The showcase is built as a machine learning pipeline, capturing the continuous nature of the ML lifecycle from data sourcing and processing to model training, deployment, inference, and monitoring in production. All tools used in this project were selected with a modular software stack in mind, allowing readers to switch out components to their liking with little effort for their own use cases. All software tools used in this showcase are open-source.

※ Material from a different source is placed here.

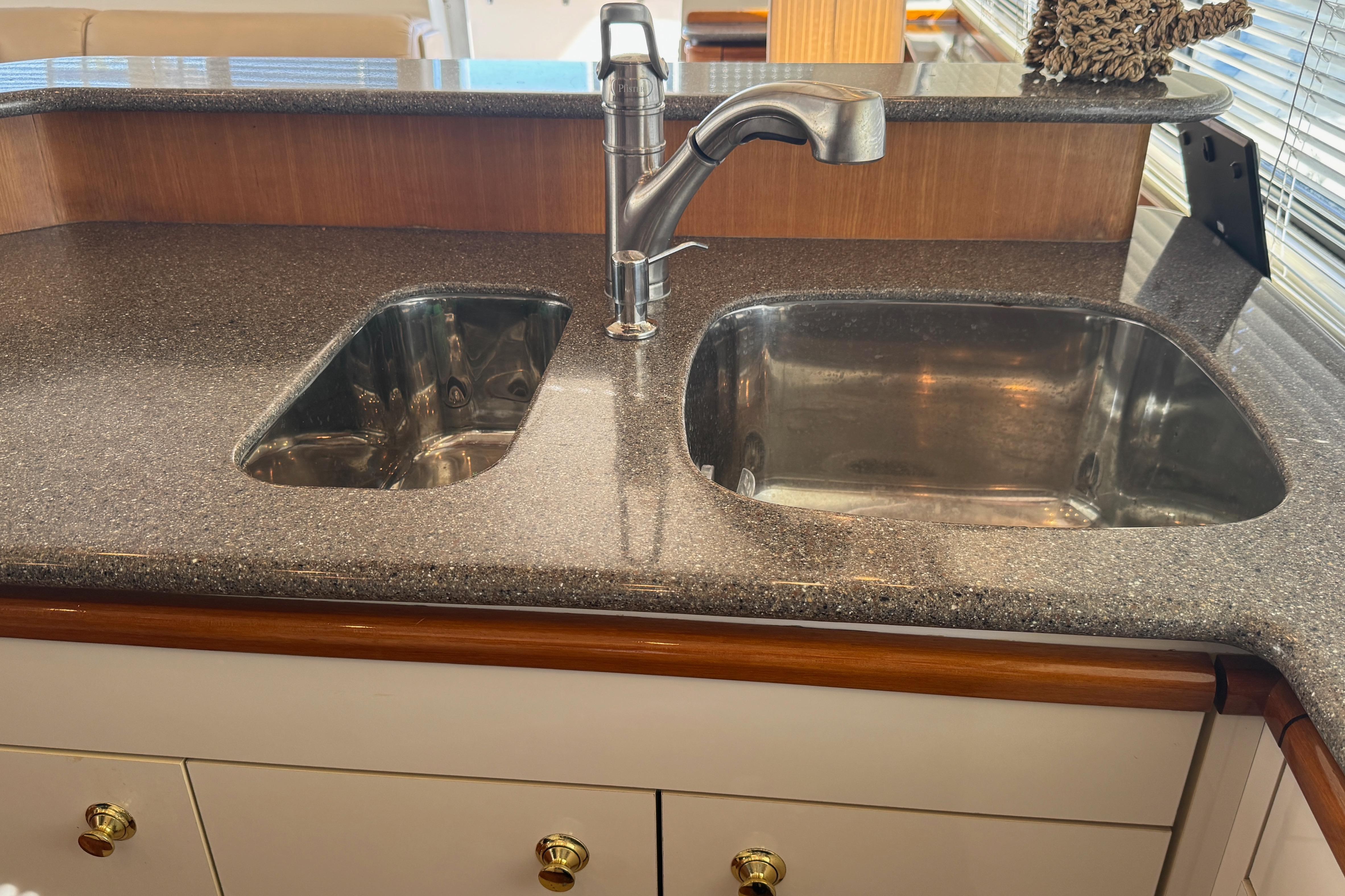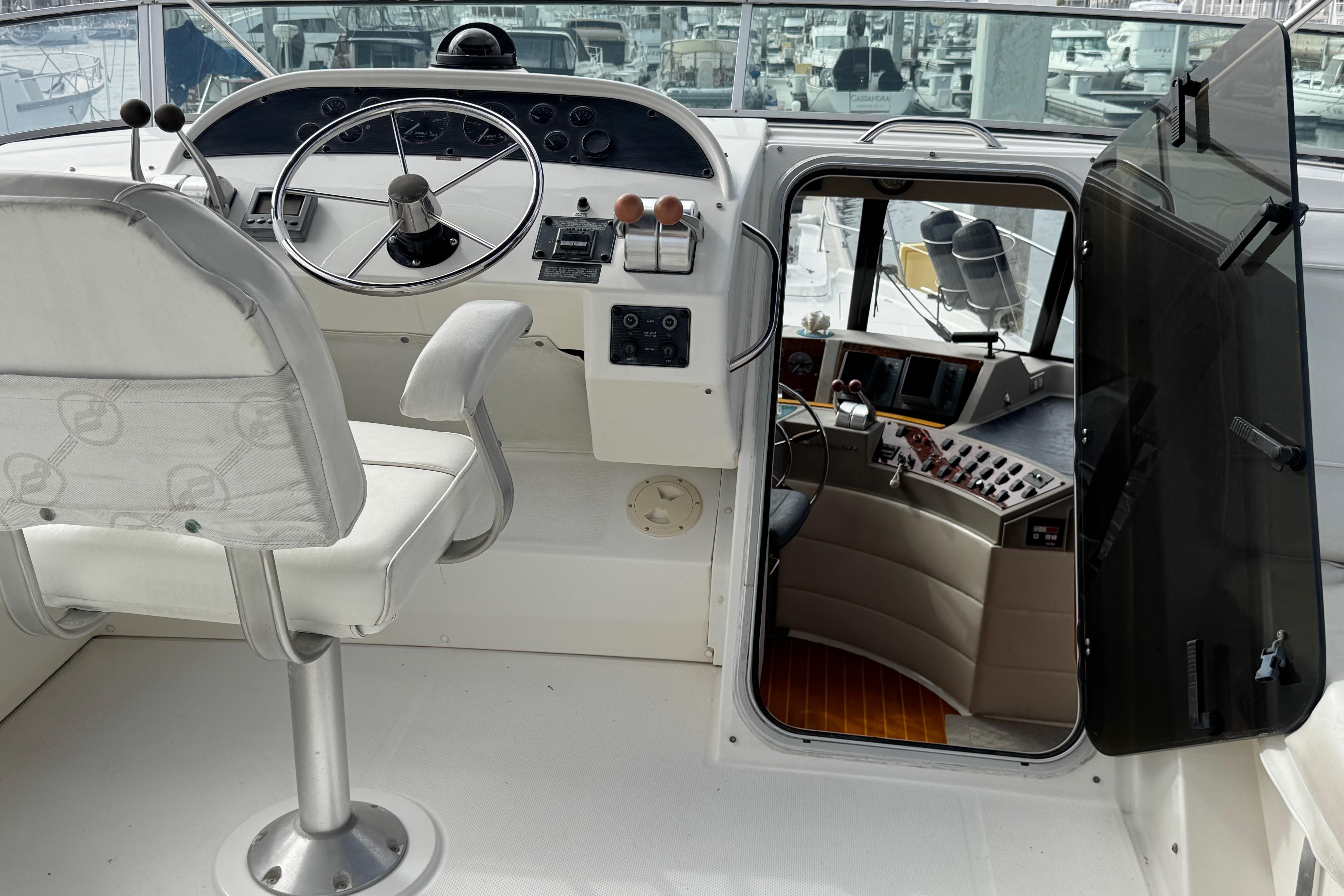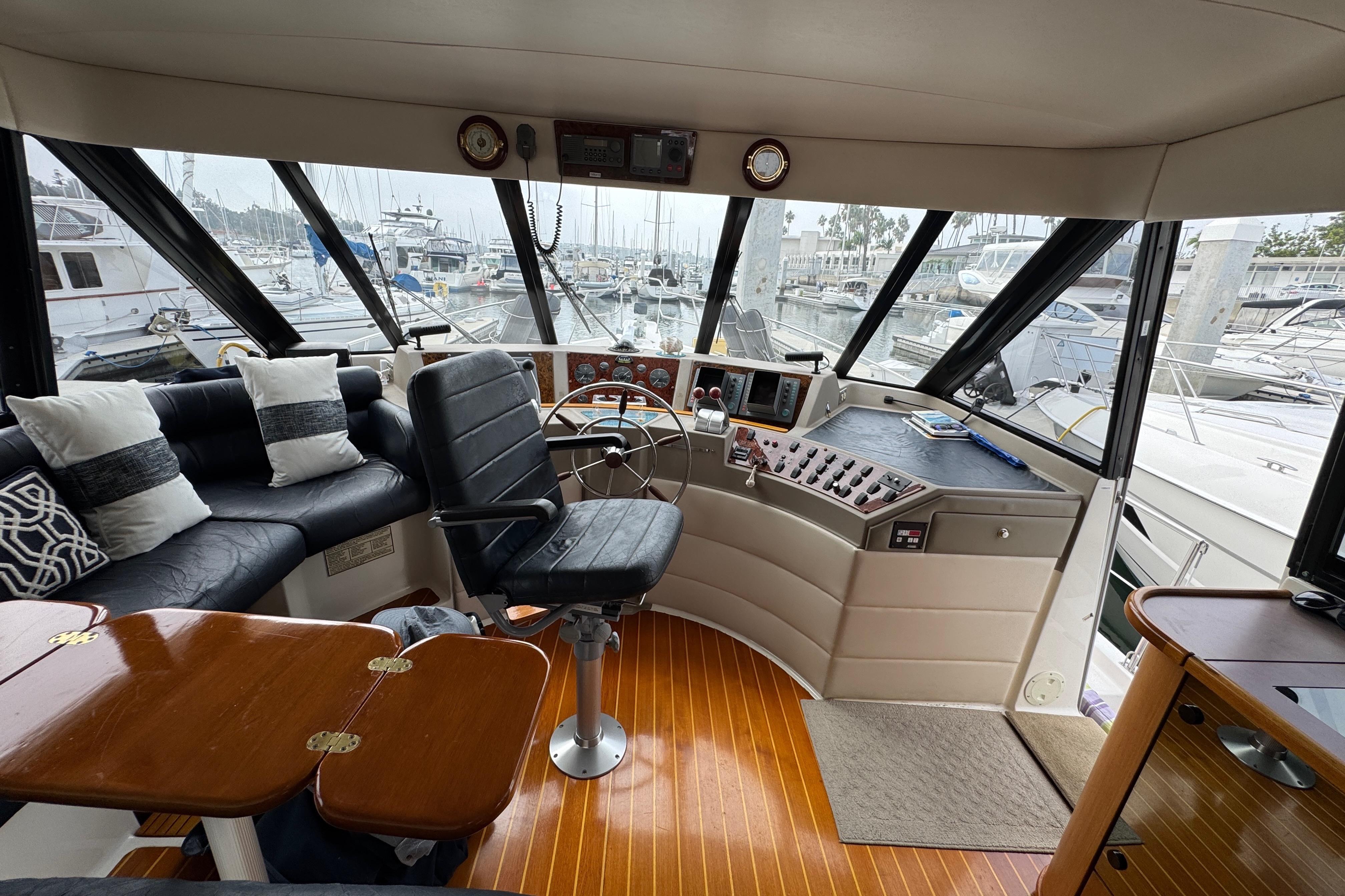 Visibility from the raised pilothouse is excellent. The cockpit is sheltered from the sun by a bridge overhang, and port/starboard pilothouse doors provide quick access to the foredeck.

Setting up the environment

The project uses uv as a package manager. Follow the installation instructions to make uv available on your machine.

Build documentation

To build and serve the documentation locally, run the following command in your terminal:

uv run --group docs mkdocs serve

Once the server is up, the documentation will be available at http://127.0.0.1:8000/.

Linting and testing

This repository contains a pre-commit configuration. To ensure that changes conform to the rules, run uv run pre-commit run --all-files after staging your changes. To run the project's test suite, you can use the uv run pytest command.

A simple example

Change to the project's directory, and start an mlflow server in a terminal:

uv run mlflow server --host 127.0.0.1 --port 5000

Then, proceed to train a simple classifier by doing the following:

MLFLOW_TRACKING_URI=http://127.0.0.1:5000 PYTHONPATH=src uv run python scripts/run_train_classifier.py

In a different terminal, start the FastAPI app:

MLFLOW_TRACKING_URI=http://127.0.0.1:5000 uv run --group deploy uvicorn --reload hr_assistant.main:app

You can make a simple request to the app by running the following Python script:

python scripts/run_simple_request.py

Or, to fire off a batch of inference requests at once, run:

python scripts/fill_record_db.py

Docker Compose deployment

The deploy/compose.local.yml Docker Compose stack comprises the following base components:

  • Minio for block storage
  • MLflow for experiment tracking & model registry
    • Accessible at http://localhost:50000 (non-standard port to prevent clashes with macOS AirDrop and Colima)
    • Prometheus metrics exposed at /metrics
  • lakeFS data lake, backed by MinIO

The serve profile of the Docker Compose stack deploys the ML model inference server, main application, and monitoring components:

  • FastAPI application:
    • Accessible at http://localhost:8001, OpenAPI docs
    • Automatic watch for changes with hot reloading (needs Docker Compose --watch/-w flag)
    • Calls inference server REST endpoint in Docker Compose
    • Prometheus metrics endpoint at /metrics
  • MLServer-based inference server (with a custom Docker container containing the inference-time dependencies), model fetched from MLflow model registry
    • OIP REST/gRPC endpoints at port 8080/8081
    • Prometheus metrics endpoint at port 8082
  • Prometheus & Grafana for monitoring
    • Automatic discovery of Prometheus scrape targets based on prometheus. labels on containers
    • Grafana: http://localhost:3001, credentials admin/admin
    • Predefined Grafana dashboards for MLflow, the FastAPI app, and the inference server

The dagster profile contains the following:

  • Dagster Daemon and Webserver, based on a common base image (deploy/dagster/Dockerfile)
  • The user code location image, containing the assets, and used to launch executions (see deploy/dagster/Dockerfile.salary_prediction)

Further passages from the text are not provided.